## [Aim of the exercise]
In your copy, reproduce each entry exactly and include no picture.
Information provided: Begin
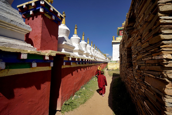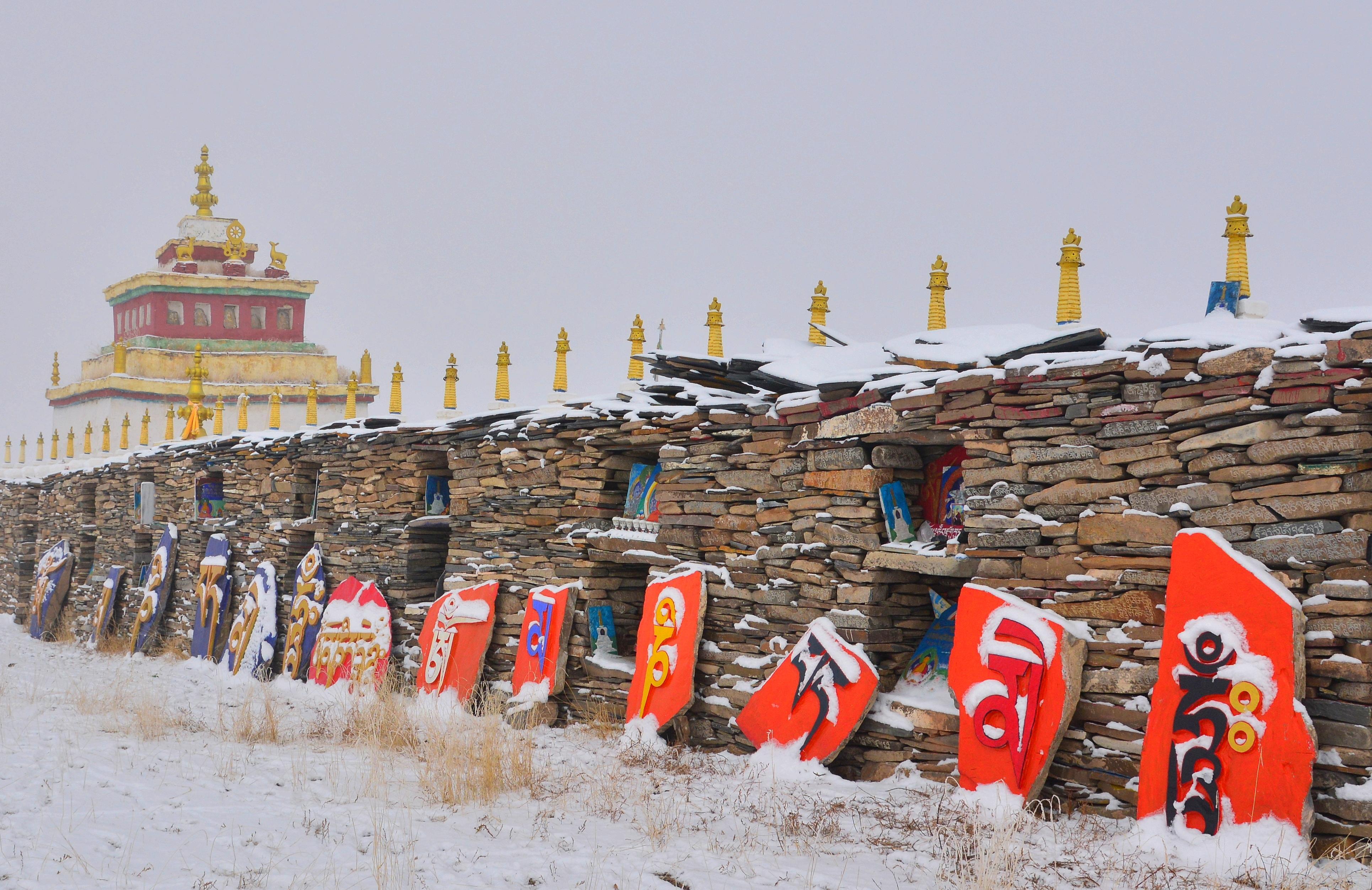 巴格嘛呢石经墙,信徒们在石上一锤一凿刻上经文,再一块块垒上去后逐渐形成的,目前藏区最长的玛尼墙。同当地的松格嘛呢石经城一样,巴格玛尼墙也是由一块块刻有佛经的石板堆砌而成。每一块石板上的内容都代表着当地人民内心最诚挚的祈愿。但较之松格嘛呢石经城不同的是,巴格嘛呢石经墙的外形是一道城墙,高达3米,厚约2—3米,长1.7公里,载入吉尼斯世界纪录改为国家级文物保护单位。从高处鸟瞰,巴格嘛呢石经墙宛若一座草原上的长城,气势恢宏又庄重古朴。
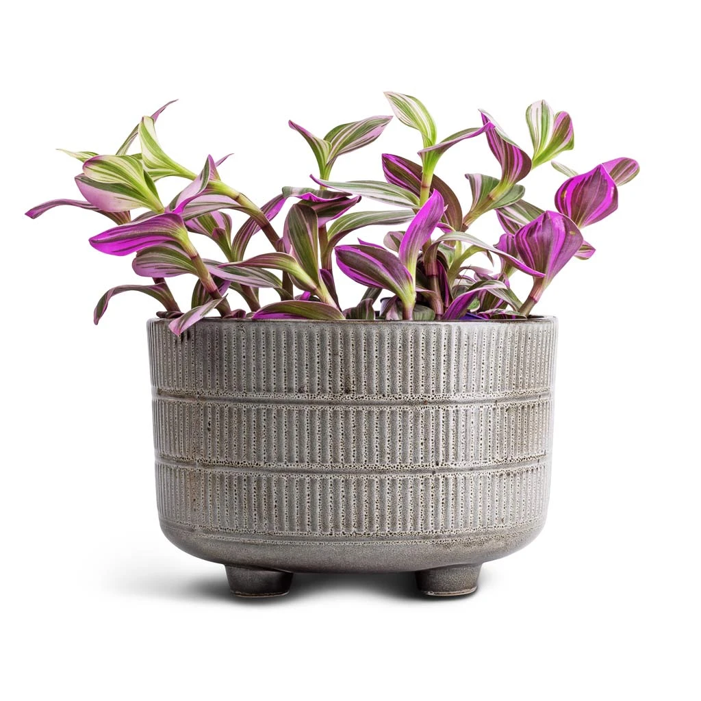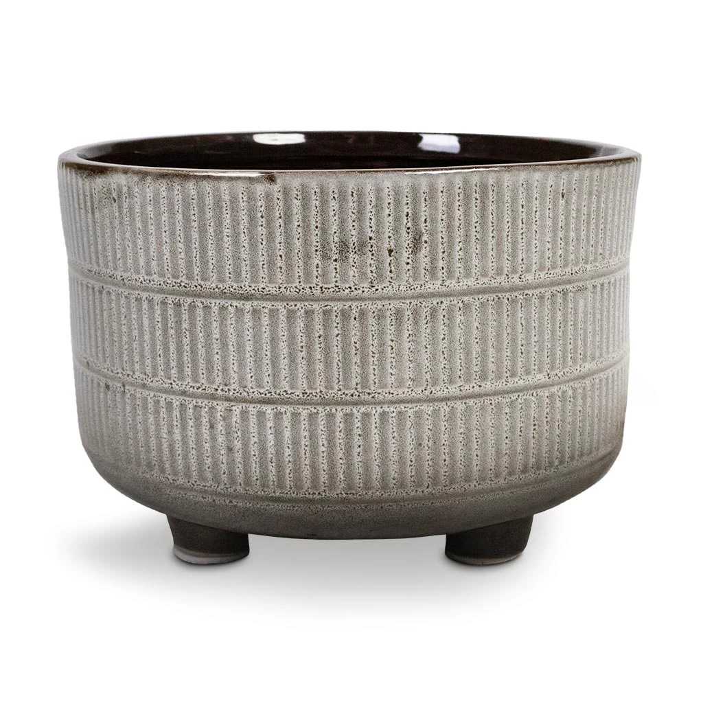 Art Deco meets rustic with the Denise plant bowl. Bands of vertical pebble-grey lines are highlighted by a neutral glossy glaze that fades into a base of burnt umber, surrounding a playful quartet of small feet to lift up your fashionable foliage.
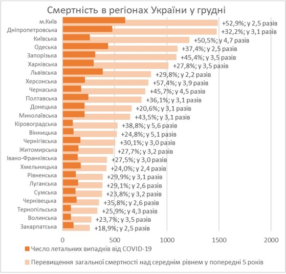 Зазначається, що середня госпітальна летальність за весь період спостережень склала майже 17% – з майже 154 тисяч госпіталізованих померли понад 26 тисяч людей.
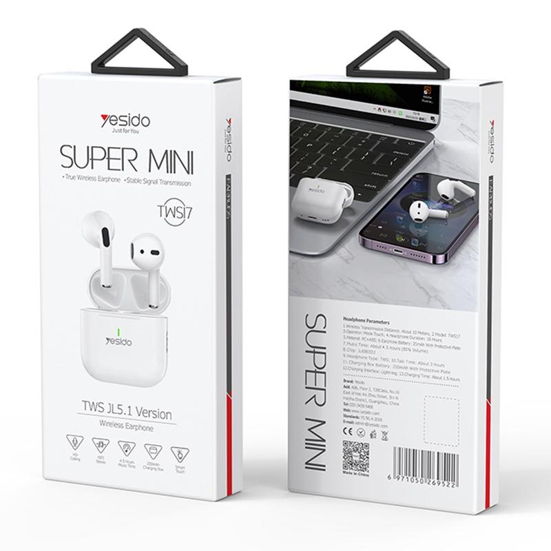 The YESIDO TWS17 wireless headset delivers rich, room-filling audio in an ultra-compact design. Powered by the JL6983 Bluetooth-compatible 5.1 chip, these semi-in-ear earbuds stay connected up to 10 m and recharge fast, keeping your soundtrack live from breakfast to bedtime.
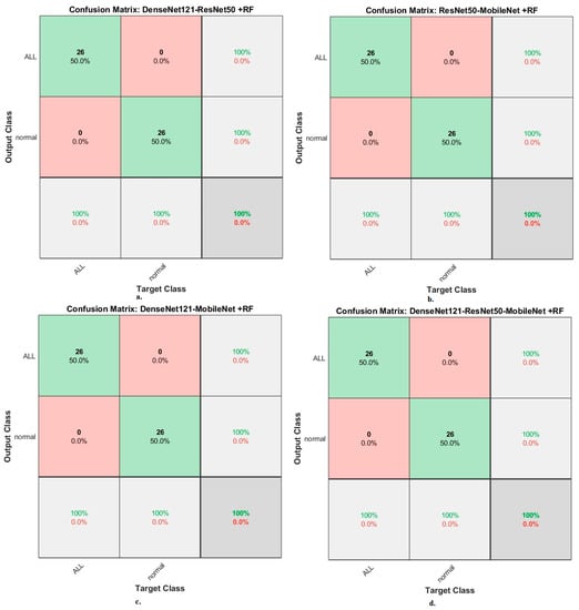 Results of the RF classifier based on fusion features of the CNN models of the ALL-IDB2 dataset for the diagnosis of acute leukemia, confusion matrix of (a) DenseNet121-ResNet50, (b) ResNet50-MobileNet, (c) DenseNet121-MobileNet, and (d) DenseNet121-ResNet50-MobileNet.
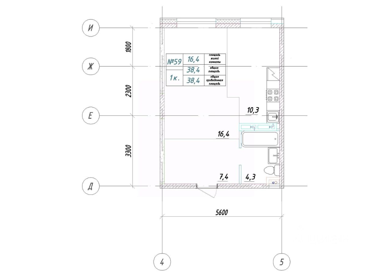 Общая площадь38,4 м²
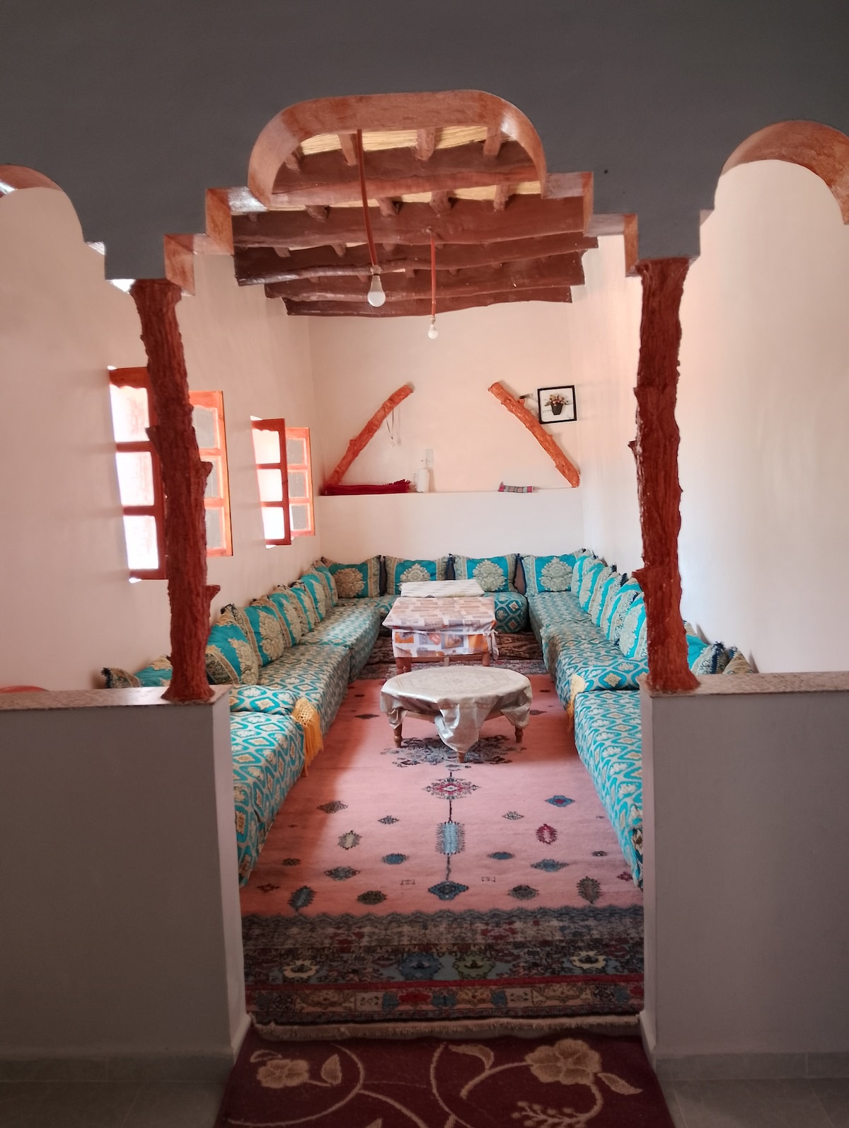 Nuestra Kasbah es un antiguo edificio tradicional hecho de adobe, paja, bambú, madera de eucalipto y hierro forjado. Estos materiales aíslan naturalmente la temperatura interior: se mantienen frescos en verano y cálidos durante el invierno. Después de un año y cuatro meses de arduo trabajo, la Kasbah ahora está completamente renovada y tiene un auténtico toque increíble. Consta de ocho habitaciones, un restaurante y terrazas de árboles conectadas por un puente de madera que te permite admirar el impresionante paisaje.
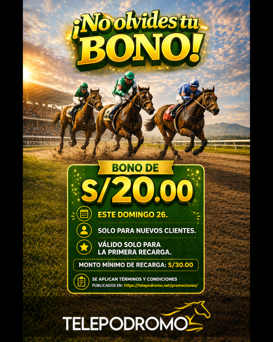 – El bono solo podrá utilizarse para realizar apuestas en carreras del Hipódromo de Monterrico, en cualquiera de sus jugadas o productos habilitados.
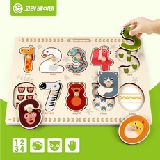 고려베이비 두돌장난감 소근육발달 아기원목교구 동물 숫자 원목 꼭지퍼즐
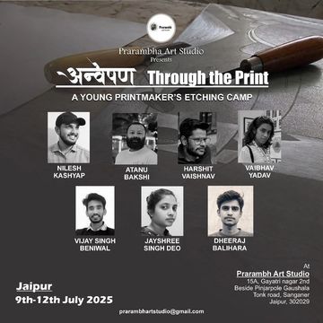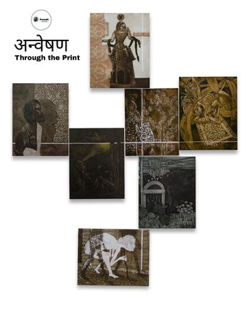 अन्वेषण – Through the Print is a portfolio of etching works created during a young printmakers’ camp at Prarambh Art Studio. Diverse visual voices are united by a continuous line, symbolizing connection, shared curiosity, and collective exploration across cultures, regions, and artistic journeys through printmaking.
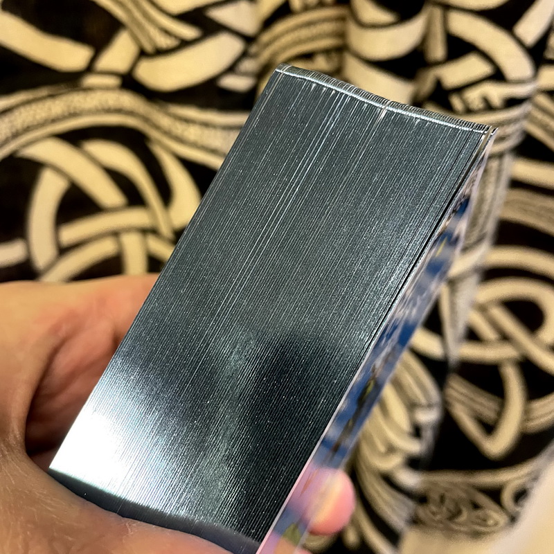 • 350gsm white core paper full color printing, total 94 cards (78-cards + 16-bonus coate cards) in 2.75”x4.48” (70x114mm) size with Glossy UV finish for more classy quality and edges have Sky-blue foils.
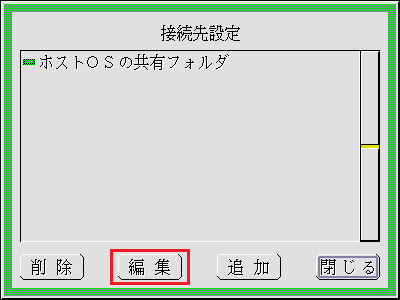 - 「ホストOSの共有フォルダ」が選ばれている状態で、[編集]メニューの[接続先設定]を選びます。
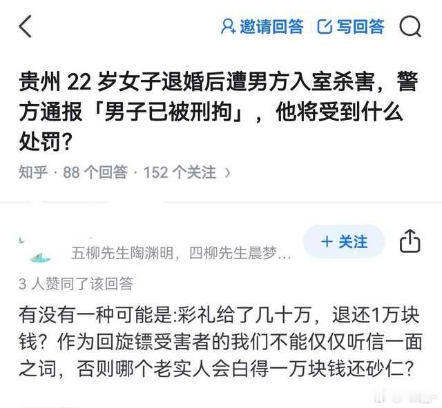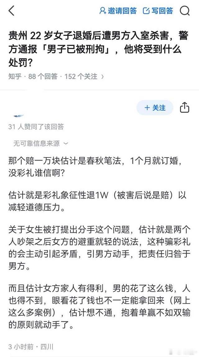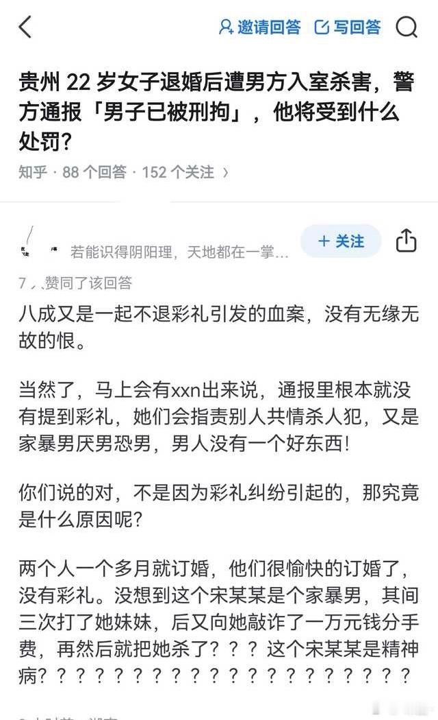 雷蒙斯基 2 2024-07-26 13:22 不是彩礼,这男的不是东西,女孩子很盲目就订婚了,还没给彩礼,发现这人很不是东西,想取消婚约分手,男的不干,要女的出媒金。一开始女孩同意给他5000,男的威胁女孩,最后女孩息事宁人给了一万,但男的还是趁早上溜进去杀害女孩。这人就是坏种,女孩死的冤枉
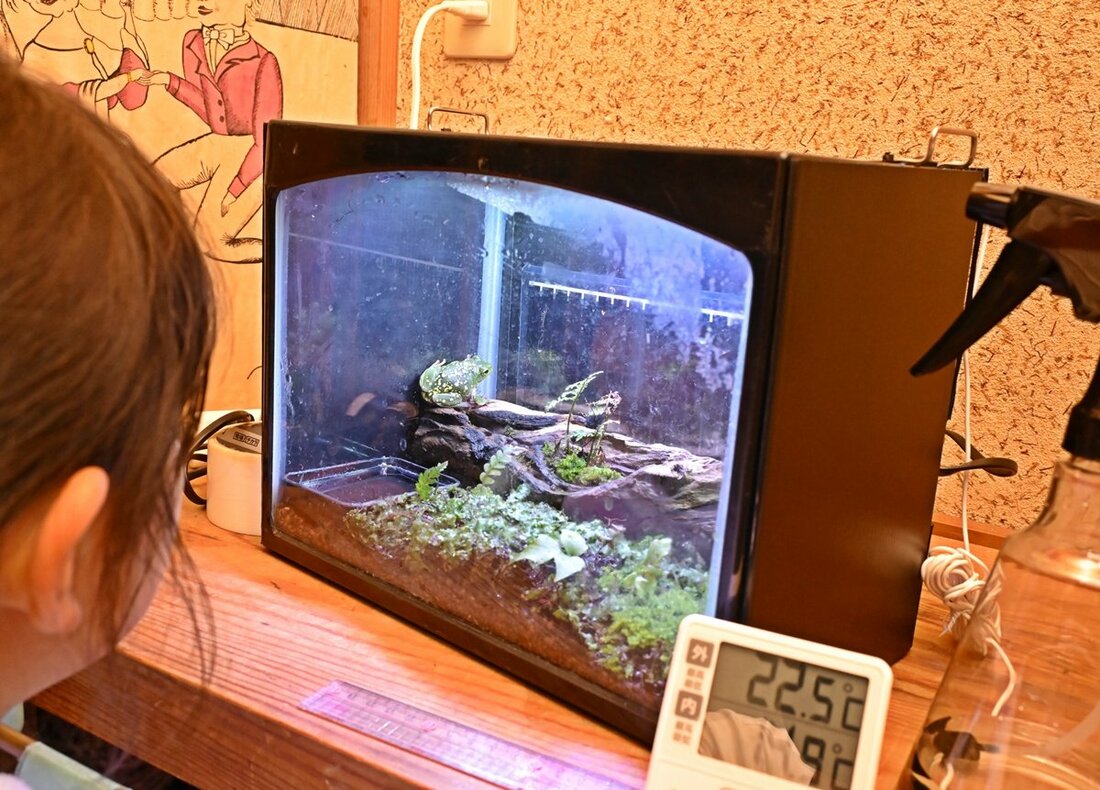 カエルの色彩変異に詳しい宍道湖自然館ゴビウスの飼育展示係の寺岡誠二さん(53)は、小さな黄色の斑点がある個体はよく見られるとしつつ「ここまで大きな斑点があるのは山陰地方では直近25年で3度ほどしか見つかっておらず、極めてまれ」と説明。なずなさんは「ケロちゃん」と名付けて自宅で飼育しており「見つけたときは黄色くて驚いた。長生きしてほしい」と話した。
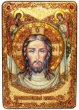 Инкрустированная большая икона Спас Нерукотворный (29*42 см, Россия) на натуральном мореном дубе в подарочной коробке
Information provided: End
## [Finished task]
 巴格嘛呢石经墙,信徒们在石上一锤一凿刻上经文,再一块块垒上去后逐渐形成的,目前藏区最长的玛尼墙。同当地的松格嘛呢石经城一样,巴格玛尼墙也是由一块块刻有佛经的石板堆砌而成。每一块石板上的内容都代表着当地人民内心最诚挚的祈愿。但较之松格嘛呢石经城不同的是,巴格嘛呢石经墙的外形是一道城墙,高达3米,厚约2—3米,长1.7公里,载入吉尼斯世界纪录改为国家级文物保护单位。从高处鸟瞰,巴格嘛呢石经墙宛若一座草原上的长城,气势恢宏又庄重古朴。
 Art Deco meets rustic with the Denise plant bowl. Bands of vertical pebble-grey lines are highlighted by a neutral glossy glaze that fades into a base of burnt umber, surrounding a playful quartet of small feet to lift up your fashionable foliage.
 Зазначається, що середня госпітальна летальність за весь період спостережень склала майже 17% – з майже 154 тисяч госпіталізованих померли понад 26 тисяч людей.
 The YESIDO TWS17 wireless headset delivers rich, room-filling audio in an ultra-compact design. Powered by the JL6983 Bluetooth-compatible 5.1 chip, these semi-in-ear earbuds stay connected up to 10 m and recharge fast, keeping your soundtrack live from breakfast to bedtime.
 Results of the RF classifier based on fusion features of the CNN models of the ALL-IDB2 dataset for the diagnosis of acute leukemia, confusion matrix of (a) DenseNet121-ResNet50, (b) ResNet50-MobileNet, (c) DenseNet121-MobileNet, and (d) DenseNet121-ResNet50-MobileNet.
 Общая площадь38,4 м²
 Nuestra Kasbah es un antiguo edificio tradicional hecho de adobe, paja, bambú, madera de eucalipto y hierro forjado. Estos materiales aíslan naturalmente la temperatura interior: se mantienen frescos en verano y cálidos durante el invierno. Después de un año y cuatro meses de arduo trabajo, la Kasbah ahora está completamente renovada y tiene un auténtico toque increíble. Consta de ocho habitaciones, un restaurante y terrazas de árboles conectadas por un puente de madera que te permite admirar el impresionante paisaje.
 – El bono solo podrá utilizarse para realizar apuestas en carreras del Hipódromo de Monterrico, en cualquiera de sus jugadas o productos habilitados.
 고려베이비 두돌장난감 소근육발달 아기원목교구 동물 숫자 원목 꼭지퍼즐
 अन्वेषण – Through the Print is a portfolio of etching works created during a young printmakers’ camp at Prarambh Art Studio. Diverse visual voices are united by a continuous line, symbolizing connection, shared curiosity, and collective exploration across cultures, regions, and artistic journeys through printmaking.
 • 350gsm white core paper full color printing, total 94 cards (78-cards + 16-bonus coate cards) in 2.75”x4.48” (70x114mm) size with Glossy UV finish for more classy quality and edges have Sky-blue foils.
 - 「ホストOSの共有フォルダ」が選ばれている状態で、[編集]メニューの[接続先設定]を選びます。
 雷蒙斯基 2 2024-07-26 13:22 不是彩礼,这男的不是东西,女孩子很盲目就订婚了,还没给彩礼,发现这人很不是东西,想取消婚约分手,男的不干,要女的出媒金。一开始女孩同意给他5000,男的威胁女孩,最后女孩息事宁人给了一万,但男的还是趁早上溜进去杀害女孩。这人就是坏种,女孩死的冤枉
 カエルの色彩変異に詳しい宍道湖自然館ゴビウスの飼育展示係の寺岡誠二さん(53)は、小さな黄色の斑点がある個体はよく見られるとしつつ「ここまで大きな斑点があるのは山陰地方では直近25年で3度ほどしか見つかっておらず、極めてまれ」と説明。なずなさんは「ケロちゃん」と名付けて自宅で飼育しており「見つけたときは黄色くて驚いた。長生きしてほしい」と話した。
 Инкрустированная большая икона Спас Нерукотворный (29*42 см, Россия) на натуральном мореном дубе в подарочной коробке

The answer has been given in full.